Trump veut délégitimer la liberté de la presse
Trump veut délégitimer la liberté de la presse
Editorial. En meeting ou en conférence de presse, le président américain s’attaque de façon virulente aux médias. Une approche dangereuse.
Donald Trump lors d’un meeting à Melbourne (Floride), le 18 février. | JOE RAEDLE / AFP
Donald Trump n’a que peu de goût pour les références historiques. Lors d’un étonnant meeting de campagne pour un président à peine installé à la Maison Blanche, le 18 février, en Floride, il a pourtant convoqué trois anciens présidents, dont Thomas Jefferson, pour le soutenir dans sa détestation de la presse.
Trier dans les citations de personnages historiques pour y trouver son compte est de bonne guerre. Mais le troisième président des Etats-Unis s’est surtout rendu célèbre, en la matière, pour avoir déclaré que, s’il fallait choisir entre « un gouvernement sans journaux et des journaux sans gouvernement », il opterait « sans hésitation » pour la seconde formule. Son lointain successeur, lui, a tranché pour l’instant en faveur de la première.
Un attentat inventé
Depuis son entrée en politique, il y a moins de deux ans, M. Trump nous a habitués à une relation torturée avec les faits qui va bien au-delà de la pratique de la communication politique. La parole du candidat a souvent croisé dans les eaux troubles de l’approximation, de la fable, voire du complotisme. Celle du président n’a pas rompu avec cette détestable habitude.
Parmi d’autres contrevérités, M. Trump a ainsi inventé, samedi 18 février, sans le dire explicitement mais tout en le laissant entendre, une attaque terroriste en Suède. S’ajoutant à ses allégations répétées sur la fraude électorale massive qui l’aurait privé d’un véritable triomphe le 8 novembre, mais qui a échappé manifestement à tout le monde, démocrates et républicains confondus, cette posture est déjà embarrassante en soi. Mais il y a pire.

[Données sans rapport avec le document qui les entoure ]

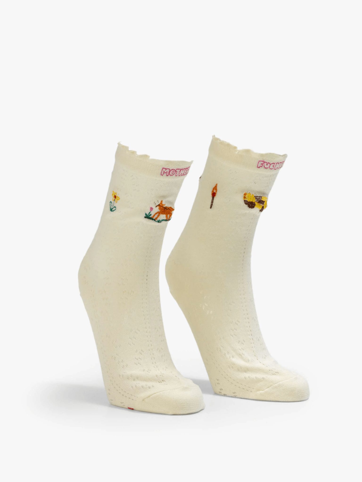 From cab to cabin. Tube socks with a message from MOTHER. Shown here in white with colorful embroidery throughout.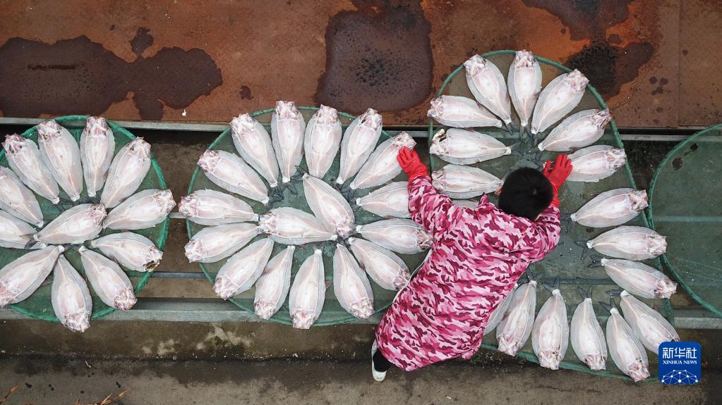 春節臨近,在湖南省岳陽市君山區錢糧湖鎮六門閘社區,當地上岸漁民將魚進行切割、晾曬、加工成魚干,準備供應節日市場?!傲T閘風干魚”是國家地理標志產品,部分漁民上岸后,從外湖捕魚轉為水產養殖,并將養殖魚進行風干售賣。為了幫助上岸漁民把風干魚推得更遠、銷得更多,君山區實施“百村千人”直播帶貨人才培養計劃,助推上岸漁民創業增收,助力鄉村振興。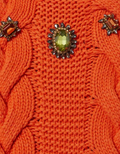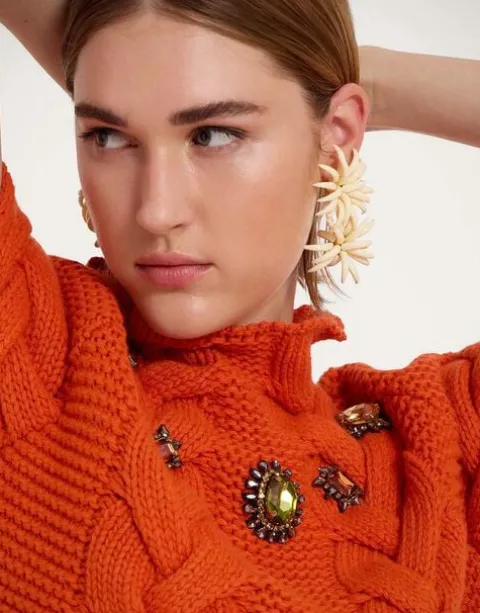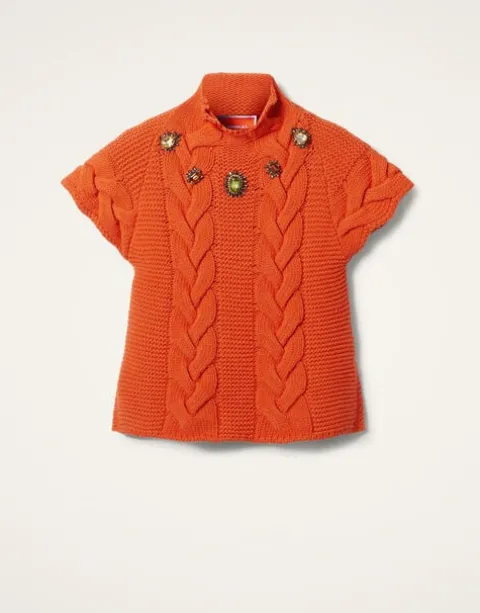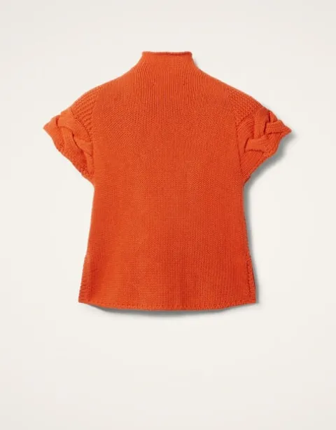 Just like our Portrait Sweater, this knit kit essential has chic, chunky braids down the front and across the shoulder, but this time with short sleeves and a romantic high neck. Small slits at the side hem give her a more waisted effect. Adorable with jeans or over our La Favorita slip dress.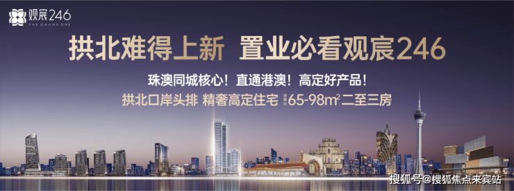 “观宸246”位居拱北口岸头排,珠澳同城核心板块,城市中心+口岸物业双极加持,近10年来距离拱北口岸、港珠澳大桥口岸最近的纯住新盘,左手澳门世界级休闲娱乐配套,右手拱北城市烟火生活,坐享醇熟配套,畅享港珠澳三城无界生活。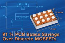 器件只占2.3mm2的面積,比分立MOSFET節(jié)省91%;在3.3V下的導(dǎo)通電阻低至6.5mΩ,靜態(tài)電流為0.015nA
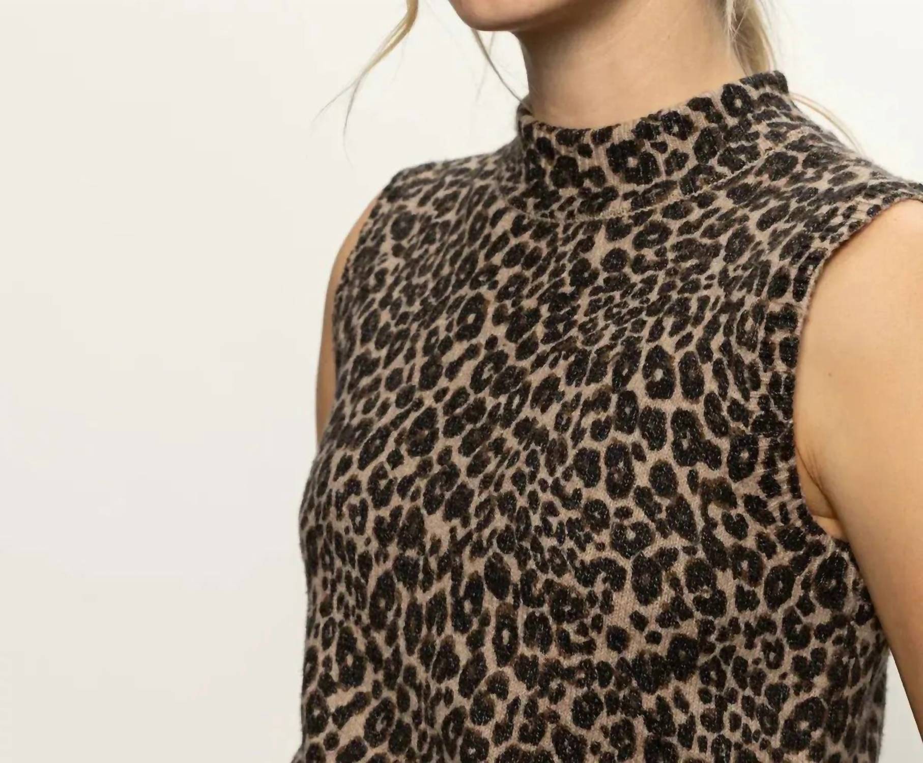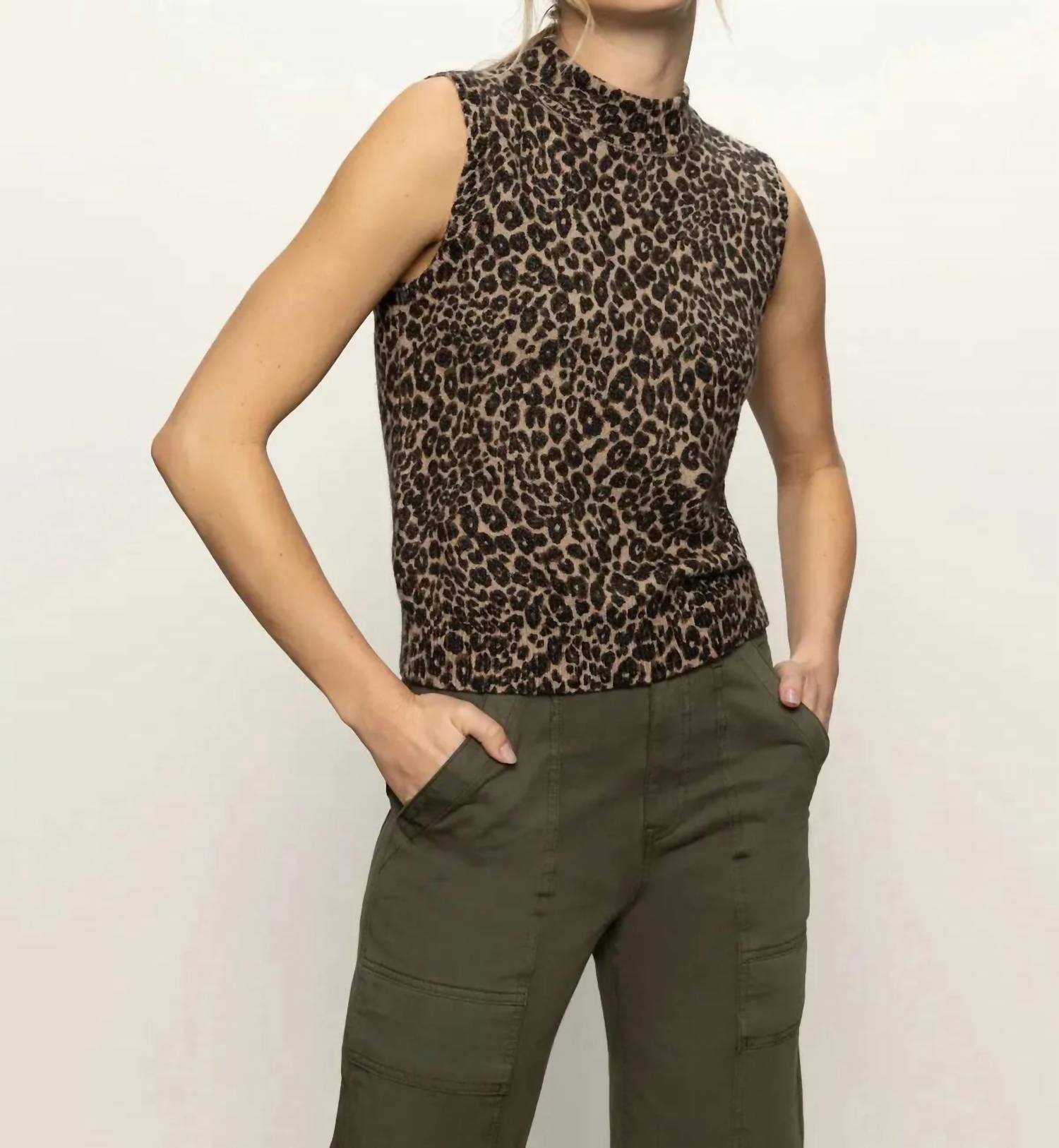 Fit, fabric and functionality. This tank top checks all the boxes. Experience bold style and cozy comfort with the Sanctuary Fuzzy Shell Top in French Kitty. This sleeveless sweater is crafted from a soft cotton blend featuring a chic cheetah print, ideal for the maximalist trend. Designed with a flattering mock neck and ribbed hem, it's perfect for versatile fall dressing, whether layered or worn solo during a Thanksgiving getaway. Closure is effortless with a pull-on design, and for care, simply hand wash to maintain its cozy feel.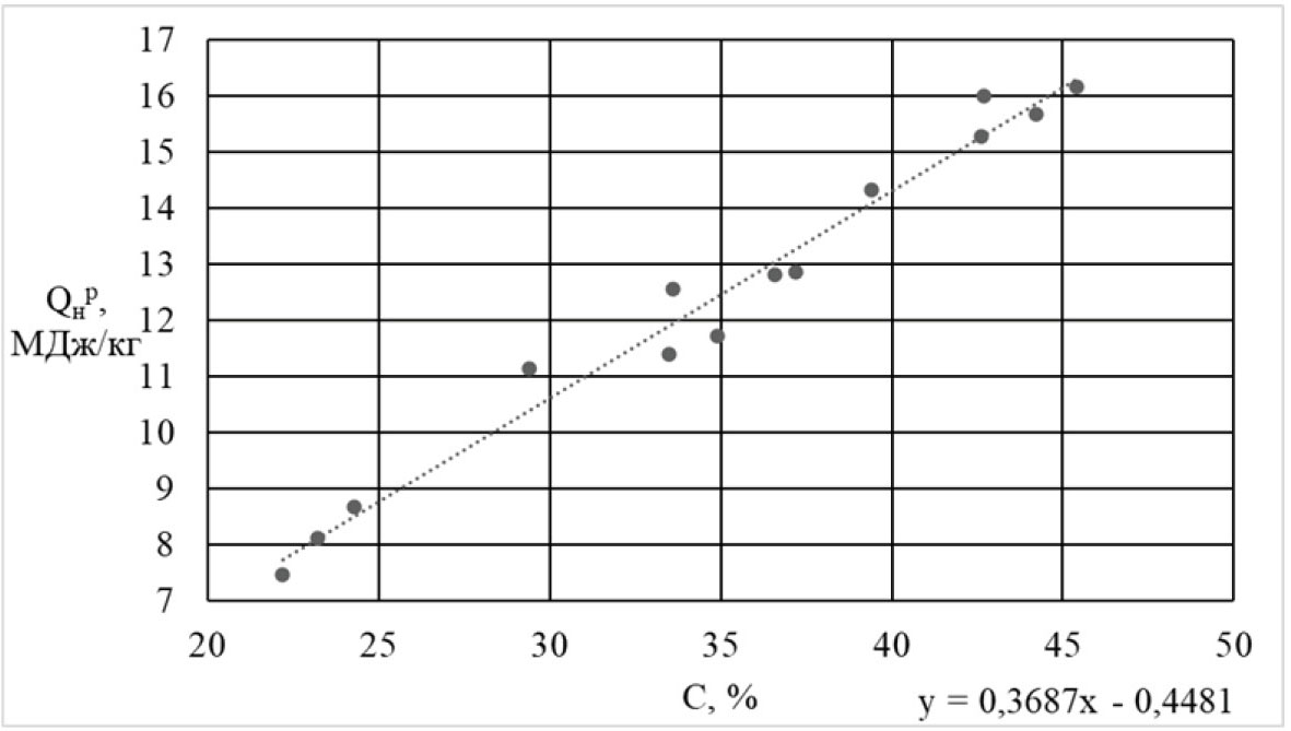 Рис. 1. Зависимость низшей теплоты сгорания от содержания углерода в БУ.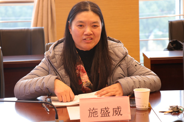 施盛威向各位代表介绍学院目前的建设发展情况,重点介绍了学院运行管理和师资队伍概况。她指出,未来与各基地的合作,在继续开展好学生实习实训的基础上,将着力落实青年教师下企业挂职锻炼的制度。同时,学院也将努力为企业做一些力所能及的服务,如在员工培训、资源共享等方面提供个性化服务,形成良性互动、发展共赢的基地共建模式。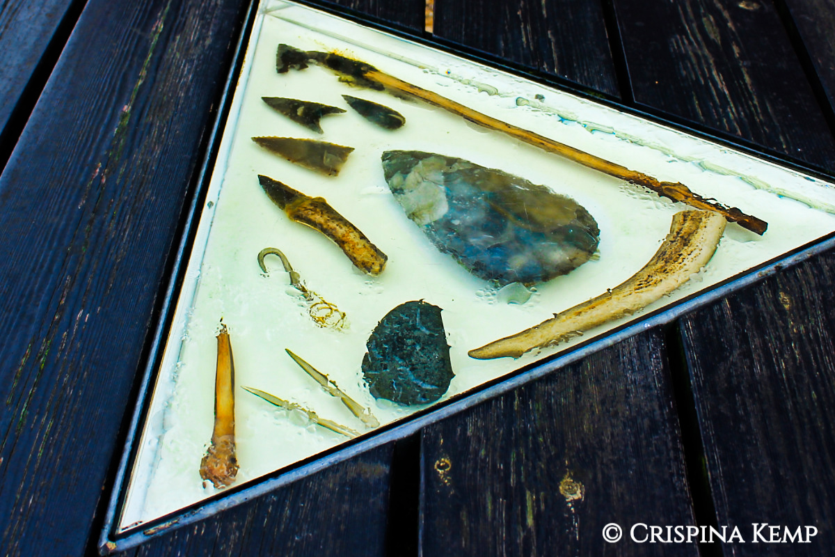 Archaeology finds featured as insets in the tables (outside) at Whitlingham Country Park. Photo taken on a very rainy day.

Le 17 février, M. Trump a déclaré que la presse était désormais « l’ennemi du peuple américain ». Le dernier président américain à s’être exprimé avec cette violence était Richard Nixon, au pire du scandale qui devait l’emporter. Personne ne discutera le fait que la majorité des médias n’est guère favorable à M. Trump depuis qu’il est arrivé à la Maison Blanche. Mais le président ne peut s’en prendre qu’à lui-même si son administration, pour l’instant, ressemble plus à une pétaudière qu’à la « machine bien huilée » qu’il vante.
Imposer un récit unique
Tout au long de sa carrière d’homme d’affaires, M. Trump a rarement eu à rendre des comptes sur ses choix. Désormais au service de son pays, il ne se montre pas plus disposé à se soumettre au regard d’un contre-pouvoir. La faible tolérance à la critique ne relève pas de l’accès d’humeur. Délégitimer la presse, comme l’assument d’ailleurs ouvertement ses proches conseillers, vise à imposer un unique récit du mandat en cours, servi par l’effet démultiplicateur de réseaux sociaux qui enferment son électorat dans ses certitudes.
Les « faits alternatifs » défendus par sa conseillère Kellyanne Conway, qui elle aussi avait inventé un « massacre », la réduction des médias au « parti de l’opposition » par son bras droit Stephen Bannon, s’inscrivent dans cette stratégie. Manifestement, cette dernière fait d’ailleurs école au-delà des frontières américaines.
Cette tentation est dangereuse, tout comme sont dérangeantes les leçons de journalisme du chef de cabinet du président, Reince Priebus, qui a invité les médias à s’abstenir de publier tout article reposant sur des sources non identifiées. La presse ne fait pas les élections, M. Trump a pu le constater à son profit. Sa mission est tout autre, informer du mieux possible. La nier n’est pas rendre service, justement, au peuple américain.